Department of Computing, Imperial College London, London, SW7 2AZ, UK.
Systems Biology PhD Program, Columbia University in New York City, New York, USA.
BMC Bioinformatics. 2020 Feb 5;21(1):45. doi: 10.1186/s12859-020-3367-3.
Current popular variant calling pipelines rely on the mapping coordinates of each input read to a reference genome in order to detect variants. Since reads deriving from variant loci that diverge in sequence substantially from the reference are often assigned incorrect mapping coordinates, variant calling pipelines that rely on mapping coordinates can exhibit reduced sensitivity.
In this work we present GeDi, a suffix array-based somatic single nucleotide variant (SNV) calling algorithm that does not rely on read mapping coordinates to detect SNVs and is therefore capable of reference-free and mapping-free SNV detection. GeDi executes with practical runtime and memory resource requirements, is capable of SNV detection at very low allele frequency (<1%), and detects SNVs with high sensitivity at complex variant loci, dramatically outperforming MuTect, a well-established pipeline.

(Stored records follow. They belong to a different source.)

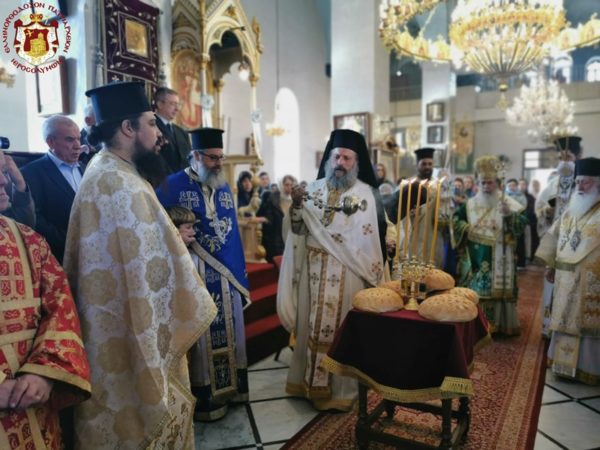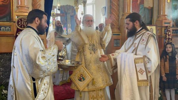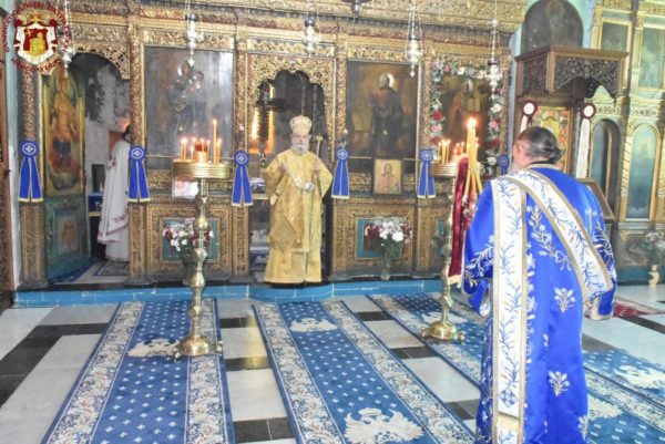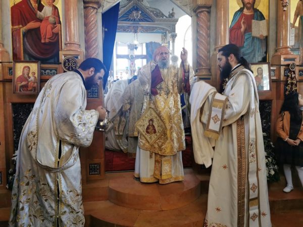 Μετά την θεία Λειτουργία ο συνεχίζων την ανακαίνιση του Ιερού Ναού Αρχιδιάκονος π. Μάρκος δεξιώθηκε την Αρχιερατική Συνοδεία και το εκκλησίασμα.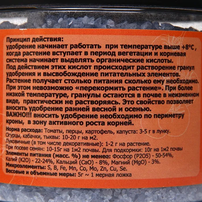 При посеве семян: 10-15г на 1м2 почвы. Для подкормки: 10г на 1м2 почвы Элементы питания (масс. %) не менее: Фосфор (Р2О5)-50-54%, Калий (К2О) - 22-24%, Кальций (СаО) - 8%, Магний (MgO)-3%. Микроэлементы: Ѕ, B, Fe, Mn, Co, Mo, Zn, Cu, Se.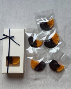 毎年大人気の太陽さんさんと浴びた無農薬オレンジをゆっくりゆっくり時間をかけて砂糖を煮含ませてオーガニッククーベルチュールチョコをかけたオランジェット。ホール3枚入り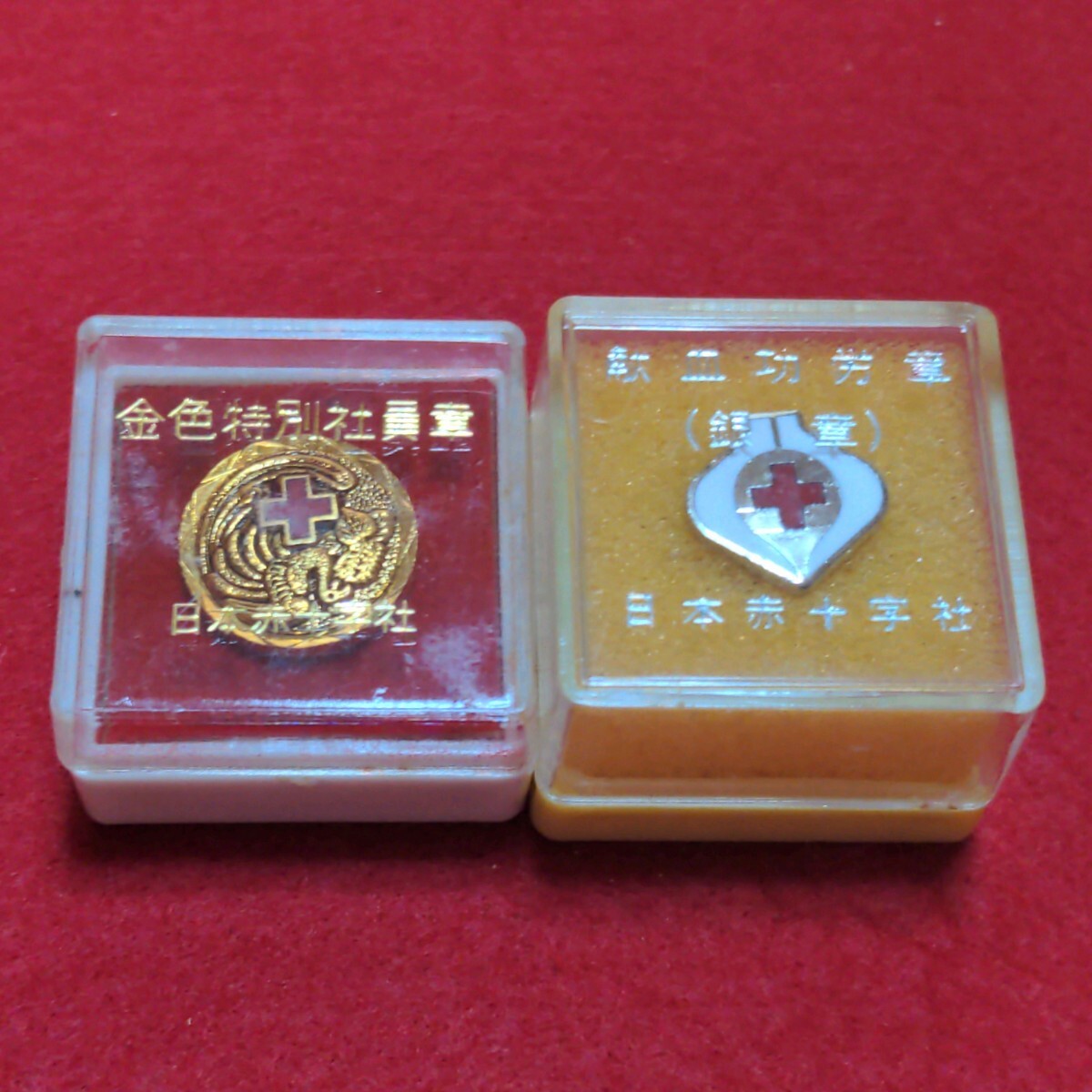 - 2点 日本赤十字社 ピンバッジ 金色特別社員章 献血功労章 銀章 コレクション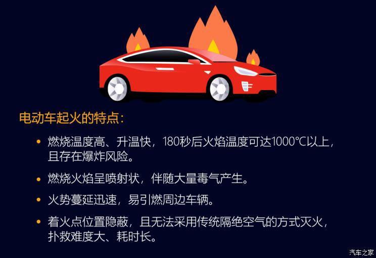 相比汽油車來(lái)說(shuō),電動(dòng)車起火的特點(diǎn)有很大不同: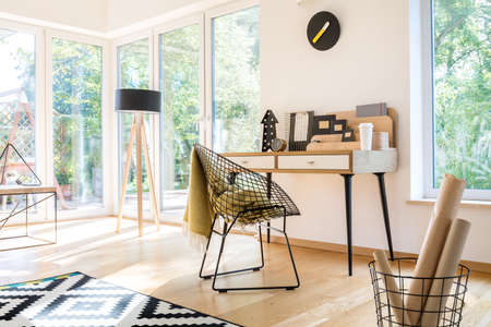 Modern home office with black lamp, clock and metal chair in bright apartment with terrace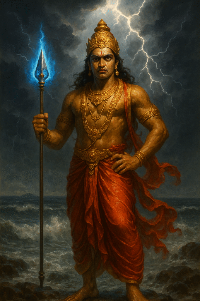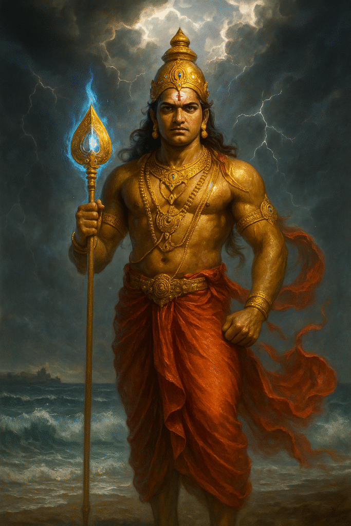 “Cinematic image of Lord Murugan standing boldly as storm clouds part above Thiruchendur waves, vel emitting divine blue flame, intense spiritual expression, golden ornaments catching lightning reflections, red flowing dhoti, dramatic atmosphere with sacred energy, ideal for vertical HD wallpapers.”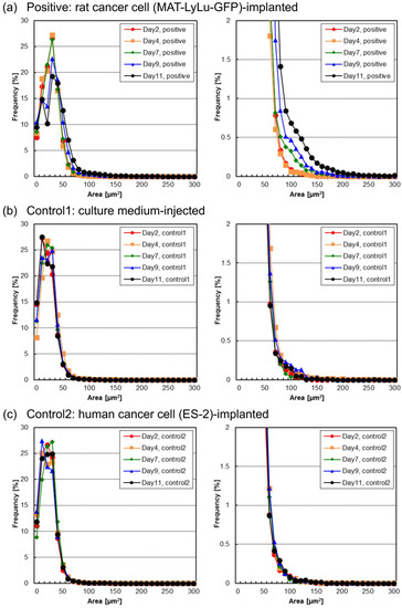 Figure 4 shows the size distribution of BF cell area in blood 2, 4, 7, 9, and 11 days after implantation for positive (Figure 4a), control 1 (Figure 4b), and control 2 blood (Figure 4c). The left graphs present the whole size frequency distributions, while the right ones are magnified graphs enabling observation of the increase of larger cells in more detail.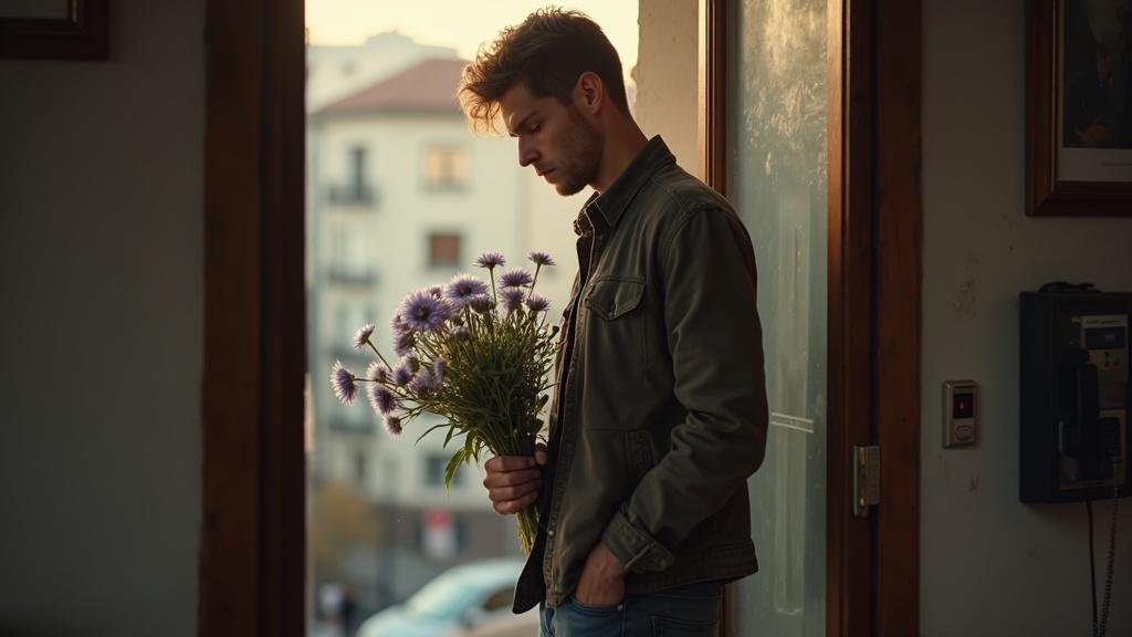Топчется ещё какое-то время, теребя ремешок часов на руке, и вздыхает. Наконец, глубоко, выдохнул, опустив цветы, как саблю у ноги и сорвался с места. Нервно помахивая букетом, словно авоськой, быстро направляется к телефону автомату. Уже в кабинке, шаря по карманам, в поисках «двушки», обернулся в сторону проходной – её нет.

By designing novel suffix-array based SNV calling methods, we have developed a practical SNV calling software, GeDi, that can characterise SNVs at complex variant loci and at low allele frequency thus increasing the repertoire of detectable SNVs in tumour genomes. We expect GeDi to find use cases in targeted-deep sequencing analysis, and to serve as a replacement and improvement over previous suffix-array based SNV calling methods.

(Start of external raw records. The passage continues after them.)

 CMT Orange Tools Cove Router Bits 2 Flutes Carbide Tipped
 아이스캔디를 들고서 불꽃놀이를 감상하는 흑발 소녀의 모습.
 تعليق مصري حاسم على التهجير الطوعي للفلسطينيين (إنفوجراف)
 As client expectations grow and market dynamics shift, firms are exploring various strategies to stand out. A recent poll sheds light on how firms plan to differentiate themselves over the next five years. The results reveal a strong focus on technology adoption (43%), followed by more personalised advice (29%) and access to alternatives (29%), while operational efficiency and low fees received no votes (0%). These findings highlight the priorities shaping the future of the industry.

当前流行的变异调用管道依赖于将每个输入读取的映射坐标映射到参考基因组,以检测变异。由于源自与参考序列有很大差异的变异基因座的读取通常被赋予不正确的映射坐标,因此依赖于映射坐标的变异调用管道可能会降低灵敏度。
在这项工作中,我们提出了 GeDi,这是一种基于后缀数组的体细胞单核苷酸变异(SNV)调用算法,它不依赖于读取映射坐标来检测 SNV,因此能够进行无参考和无映射的 SNV 检测。GeDi 的执行具有实际的运行时和内存资源要求,能够在非常低的等位基因频率(<1%)下检测 SNV,并且在复杂的变异基因座上具有很高的 SNV 检测灵敏度,大大优于 MuTect,这是一种成熟的管道。
通过设计新颖的基于后缀数组的 SNV 调用方法,我们开发了一种实用的 SNV 调用软件 GeDi,它可以在复杂的变异基因座和低等位基因频率下描述 SNV,从而增加肿瘤基因组中可检测 SNV 的范围。我们期望 GeDi 在靶向深度测序分析中找到用例,并取代和改进以前基于后缀数组的 SNV 调用方法。